My "regarde ironique" is somewhat lacking today as a result of yesterday's events. I marvel, again, at the animal kingdom's ability(??) to accept death in silence. I have witnessed, over the years, the death of several animals of different species, and all have had in common that calm, quiet acceptance of the inevitable with no histrionics or behavioral difference to mark the moment. I 'wanted' our remaining cats to howl, or exhibit their awareness of Sultane's death in some manner but of course they did not, other than a momentary confusion as to what had become of her presence, although that, too, was soon forgotten. Life goes on and the cats are not troubled by Memory, content to exist with learned behavioral responses to assorted stimuli. Perhaps there is nothing so illustrative of our differences from other members of the animal kingdom as this, nor as illuminating of our anthropomorphism in order to create a rapprochement between "us" and "them". Inevitably, this leads to a small meditation on which method I would prefer for my passing and I wholeheartedly opt for the animal approach. To die quickly, in silence, to go forward to what I hope is the next chapter of 'the Adventure', and my passing only briefly remarked upon, if at all, with an alcohol-soaked and drug-affected fête for a few hours at some convenient future moment.

Lead Cenobite: "No tears, please. It's a waste of good suffering."

In no particular order, over the past week several items have caught my much-amused eye, among them: Morocco Cracks Down On Journalism (Le Monde) (it's a monarchy, folks); Mystery Illness Killing Camels in Saudi Arabia (CNN); British Civics Classes - "What Would Muhammad Do?" (NYTimes); UAE Father, 60, Wants 100 Children (Reuters) (he has 78 already by 15 wives, whom he marries 4 at a time, divorcing the last batch - one must have died or been sterile, n'est-ce pas?); Monster.com Hacked, Millions of Users' Encrypted Data Stolen (BBC); Zimbabwe Inflation Hits 7,638% (BBC) (that's the official figure, more realistically 13,000%, expected to hit 100,000% by the end of the year, with unemployment at 80%; sterling, President Mugabe, just sterling); it goes on and on and humor and irony begin to seep back into my consciousness. Suffering sports a sardonic smile, if nothing else.

I do not know if it is smiling much in Caracas these days, however. I read and hear that El Presidente Chavez wants to be president-for-life down there in 'The Bolivarian Republic of Venezuela', and yes, that is what he has renamed it. Okay, hmmm, let's see - shut down journalism, nationalize your oil industry, stop policing your cities, tinker with your constitution, arbitrarily change your time zone (Reuters) (that one wows me; why on earth change your time zone?? by 1/2 hour??), assume imperial ambitions, um hmm, um hmm, sounds like a go to me, Hugo! One wonders how long the oil companies are going to allow this to go on, doesn't one? There must be some sort of sub-rosa agreed-upon internal time limit sufferance for neo-dictators before someone in Houston or Amsterdam decides "enough is enough" and places a call. As to the policing of cities, there was a related article about a Caracas family that waited 5 hours for the police to show up at the site of their son's murder, only to finally call a taxi to take his body to the morgue as the police had never appeared. They are all busy, no doubt, polishing the Ruritanian regalia recently received from Cartier© for El Presidente. The French would never miss an opportunity like that, believe me; it will be kitsch jewelry trivia in a few years when the regalia disappears and Señor Chavez is living in Switzerland.

Female Cenobite: "We had to hear it from your own lips."

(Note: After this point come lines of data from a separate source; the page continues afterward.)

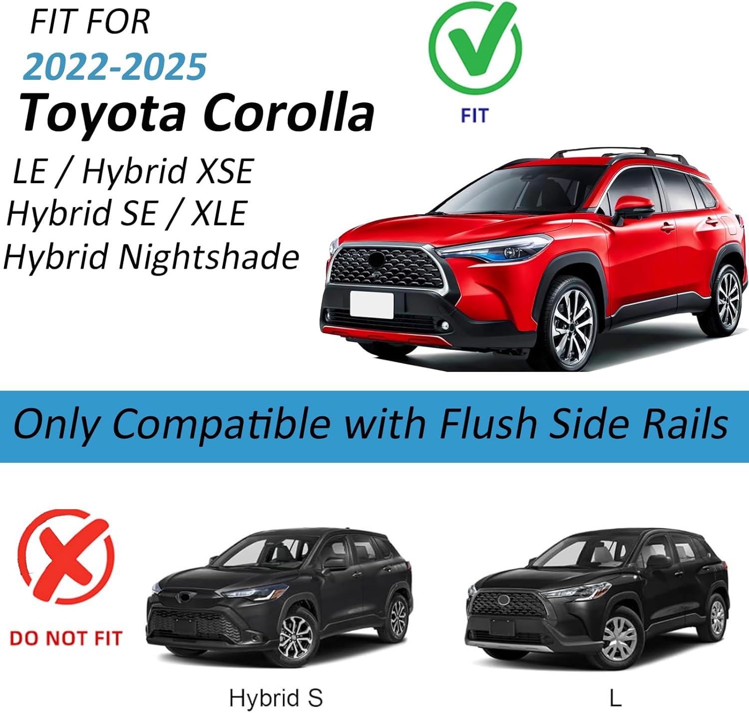【Fits For】: Our roof rack cross bars Fit for Toyota Corolla Cross 2022 2023 2024 2025 LE XLE & Corolla Cross Hybrid SE XSE Nightshade (with Flush Side Rails)
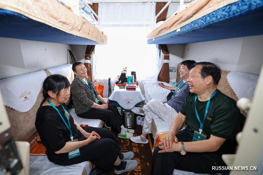 19 мая 2025 года, туристический "серебряный" поезд отправился из города Нинбо провинции Чжэцзян /Восточный Китай/ в Синьцзян, начав 18-дневное путешествие. Пассажиры на фото общаются в вагоне. /Фото: Синьхуа/
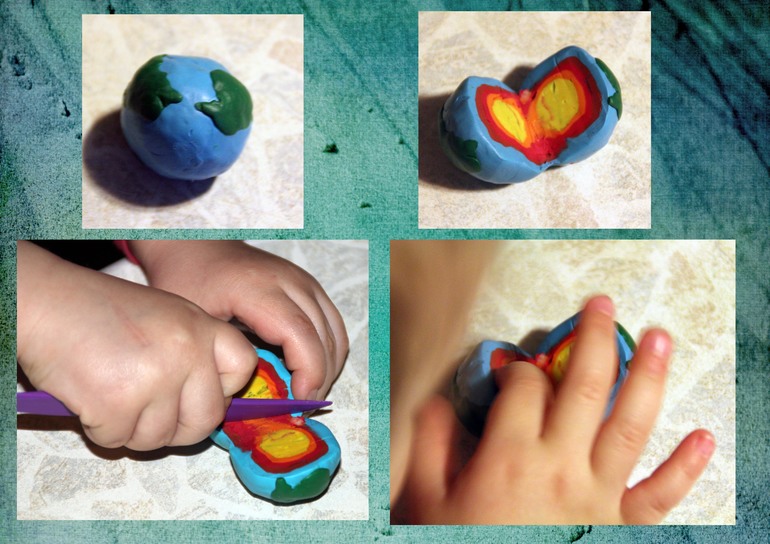Я слепила накануне макет Земли. Рассмотрели нашу планету, поговорили о том, что значит синий и зеленый цвет, разрезали ее. Когда Мира ее раскрыла, то сказала что внутри у нее солнышко. Так до сих пор всем и рассказывает)))
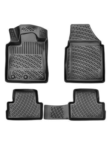 Sunt create dupa forma si dimensiunea podelei fiecarui autoturism. Bordura cu inaltimea de 3 cm a covoraselor retine apa, zapada, praful si alte impuritati. Datorita compozitiei chimice a materialului, covorasele nu degaja miros neplacut in interiorul autoturismului. Isi pastreaza vreme indelungata proprietatile initiale si pot fi curatate cu usurinta cu detergenti. Sunt impermeabile si rezistente la temperaturi inalte si joase. Sunt prevazute cu sistem anti-alunecare si sistem de fixare in podea. Covorasul din partea conducatorului auto are o extindere speciala, care acopera complet zona de odihna a piciorului stang. Covorasele din spate sunt legate intre ele printr-o parte ce acopera tunelul de mijloc. Sunt create din material de inalta calitate, rezistent, durabil si reciclabil -TPE; Culoare: Negru
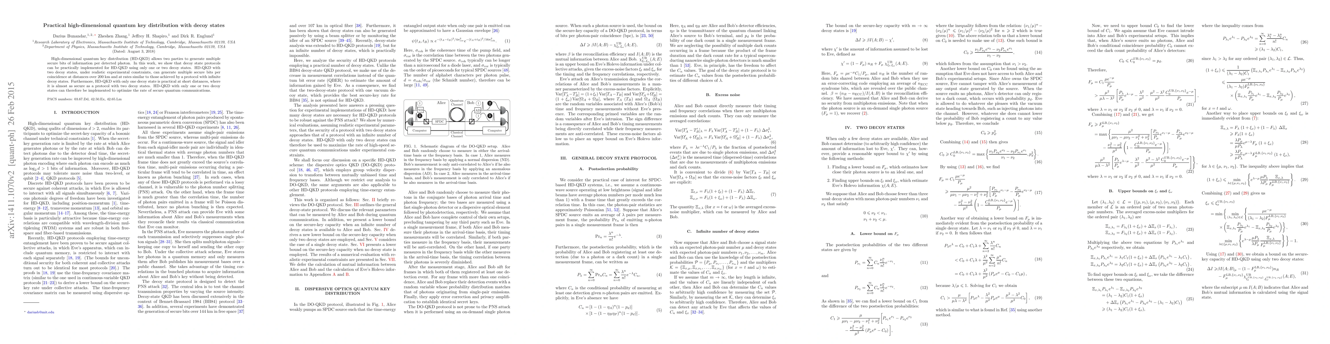 This paper demonstrates practical high-dimensional quantum key distribution (HD-QKD) using decoy states, showing that one or two decoy states can achieve secure bit generation over 200 km with rates comparable to protocols using infinite decoy states. HD-QKD with one decoy state is effective for short distances, nearly as secure as the two-decoy state protocol.
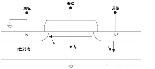 漏電流的另一個組成部分是反向結電流IR,當PN結反向偏置時,電路流經帶間隧穿(BTBT) 節(jié)點。電流IR與柵極或者源極耗盡區(qū)的面積大小相關。IR也與結電場及結的摻雜濃度有關。 由于柵極和源極與襯底有關,因此兩極的勢能越高,越會導致更大的帶間隧穿。盡管在高溫下(~150℃),漏電流的組成部分具有溫度依賴性,但是在低溫下,它的溫度敏感性很低。

I see that the Vatican has started its own airline (BBC). Using airplanes "borrowed" from an Italian charter company (the planes have already been painted in the papal yellow and white), the Vatican is going to run charters out of Rome to various sites of pilgrimage, fairly close to European "home" for the moment, but to assume larger itineraries in the near future. One can only hope that 'they' will eventually go multi-denominational as well, with a non-stop between Rome and Atlanta to precess to the new, $90M Hindu temple in Auburn, Ga. (CNN), a marvel of its age and a surreal addition to the cultural landscape of Greater Atlanta. I can see the GaneshBurger (soy, naturally) restaurants and Diwali Palace casinos lining the Georgian interstates already. I want to be sipping a cup of coffee in the kitchen of the area resident who first discovers a runaway elephant bathing in his backyard swimming pool; hopefully he will be well-stocked with cocktail peanuts (yes, I know, it was lame & highly previsible). In a just-barely animal & area related story, I see Mr. Vick has copped a plea - and about time. I have nothing to say about all of that other than this: Americans are extremely insane. They pay a man millions of dollars a year to be violent and bloodthirsty and single-mindedly subhuman, and then they are surprised that he is not an enlightened pacifist during his off-time? What is wrong with you people? After all, you created him.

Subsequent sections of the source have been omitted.